Description of the task: An exact copy is needed of the lines from the one that contains "Thus, in one" through the final line of the data below, with pictures left out.

Material for this task:
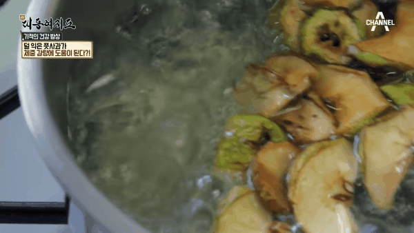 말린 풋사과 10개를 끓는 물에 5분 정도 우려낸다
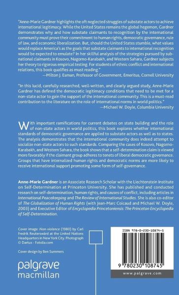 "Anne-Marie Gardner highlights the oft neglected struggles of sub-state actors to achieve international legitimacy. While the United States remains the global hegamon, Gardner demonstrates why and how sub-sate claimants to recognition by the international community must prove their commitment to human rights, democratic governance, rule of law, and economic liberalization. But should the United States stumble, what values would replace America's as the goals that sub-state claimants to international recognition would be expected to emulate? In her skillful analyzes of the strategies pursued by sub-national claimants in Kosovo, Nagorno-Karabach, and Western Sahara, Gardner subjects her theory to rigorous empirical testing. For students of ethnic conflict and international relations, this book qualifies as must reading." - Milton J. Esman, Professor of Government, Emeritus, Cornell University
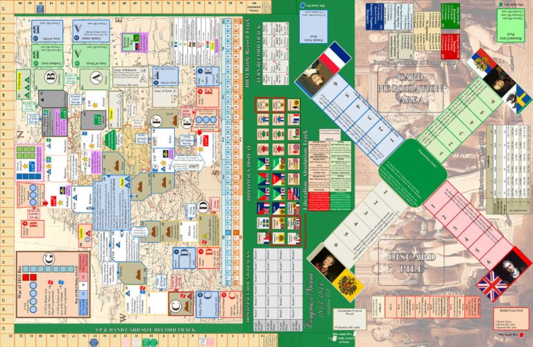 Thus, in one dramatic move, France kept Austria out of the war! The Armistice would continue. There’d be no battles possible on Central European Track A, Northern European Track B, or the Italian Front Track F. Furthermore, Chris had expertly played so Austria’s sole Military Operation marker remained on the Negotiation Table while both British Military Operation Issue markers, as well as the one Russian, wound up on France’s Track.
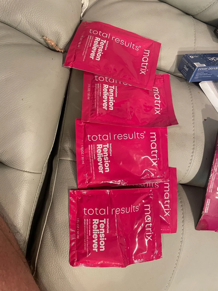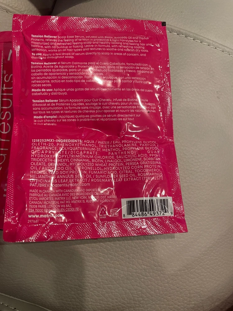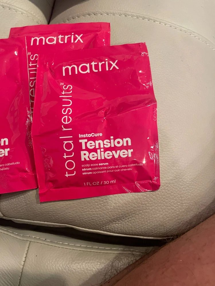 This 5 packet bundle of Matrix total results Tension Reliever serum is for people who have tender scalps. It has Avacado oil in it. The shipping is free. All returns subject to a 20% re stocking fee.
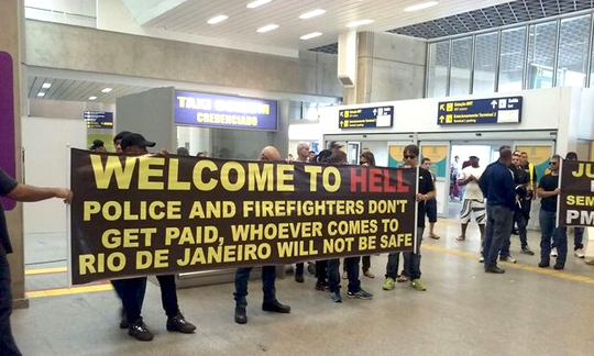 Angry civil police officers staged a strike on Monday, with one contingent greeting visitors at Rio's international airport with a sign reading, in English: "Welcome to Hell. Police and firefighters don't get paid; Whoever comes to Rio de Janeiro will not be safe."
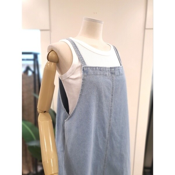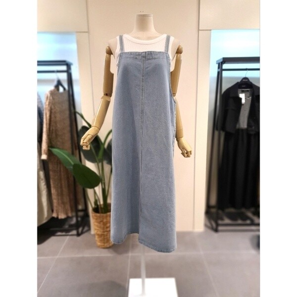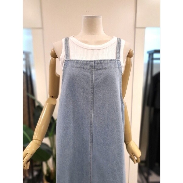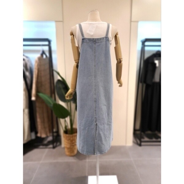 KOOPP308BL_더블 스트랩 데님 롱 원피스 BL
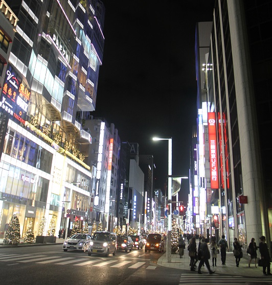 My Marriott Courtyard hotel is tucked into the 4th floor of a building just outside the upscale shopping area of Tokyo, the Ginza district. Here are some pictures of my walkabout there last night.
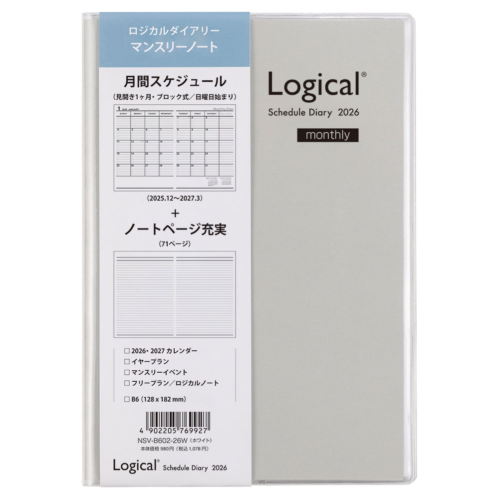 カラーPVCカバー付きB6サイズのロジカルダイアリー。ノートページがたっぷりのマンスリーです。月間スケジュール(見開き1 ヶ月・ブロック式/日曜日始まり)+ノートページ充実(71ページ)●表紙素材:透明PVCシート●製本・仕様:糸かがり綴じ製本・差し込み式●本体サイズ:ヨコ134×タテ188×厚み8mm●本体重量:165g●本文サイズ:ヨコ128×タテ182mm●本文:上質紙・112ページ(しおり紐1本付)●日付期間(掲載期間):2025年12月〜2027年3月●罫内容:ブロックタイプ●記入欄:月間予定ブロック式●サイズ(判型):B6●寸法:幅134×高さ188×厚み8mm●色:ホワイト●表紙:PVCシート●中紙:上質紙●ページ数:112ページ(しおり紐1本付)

Completed exercise:
 Thus, in one dramatic move, France kept Austria out of the war! The Armistice would continue. There’d be no battles possible on Central European Track A, Northern European Track B, or the Italian Front Track F. Furthermore, Chris had expertly played so Austria’s sole Military Operation marker remained on the Negotiation Table while both British Military Operation Issue markers, as well as the one Russian, wound up on France’s Track.
 This 5 packet bundle of Matrix total results Tension Reliever serum is for people who have tender scalps. It has Avacado oil in it. The shipping is free. All returns subject to a 20% re stocking fee.
 Angry civil police officers staged a strike on Monday, with one contingent greeting visitors at Rio's international airport with a sign reading, in English: "Welcome to Hell. Police and firefighters don't get paid; Whoever comes to Rio de Janeiro will not be safe."
 KOOPP308BL_더블 스트랩 데님 롱 원피스 BL
 My Marriott Courtyard hotel is tucked into the 4th floor of a building just outside the upscale shopping area of Tokyo, the Ginza district. Here are some pictures of my walkabout there last night.
 カラーPVCカバー付きB6サイズのロジカルダイアリー。ノートページがたっぷりのマンスリーです。月間スケジュール(見開き1 ヶ月・ブロック式/日曜日始まり)+ノートページ充実(71ページ)●表紙素材:透明PVCシート●製本・仕様:糸かがり綴じ製本・差し込み式●本体サイズ:ヨコ134×タテ188×厚み8mm●本体重量:165g●本文サイズ:ヨコ128×タテ182mm●本文:上質紙・112ページ(しおり紐1本付)●日付期間(掲載期間):2025年12月〜2027年3月●罫内容:ブロックタイプ●記入欄:月間予定ブロック式●サイズ(判型):B6●寸法:幅134×高さ188×厚み8mm●色:ホワイト●表紙:PVCシート●中紙:上質紙●ページ数:112ページ(しおり紐1本付)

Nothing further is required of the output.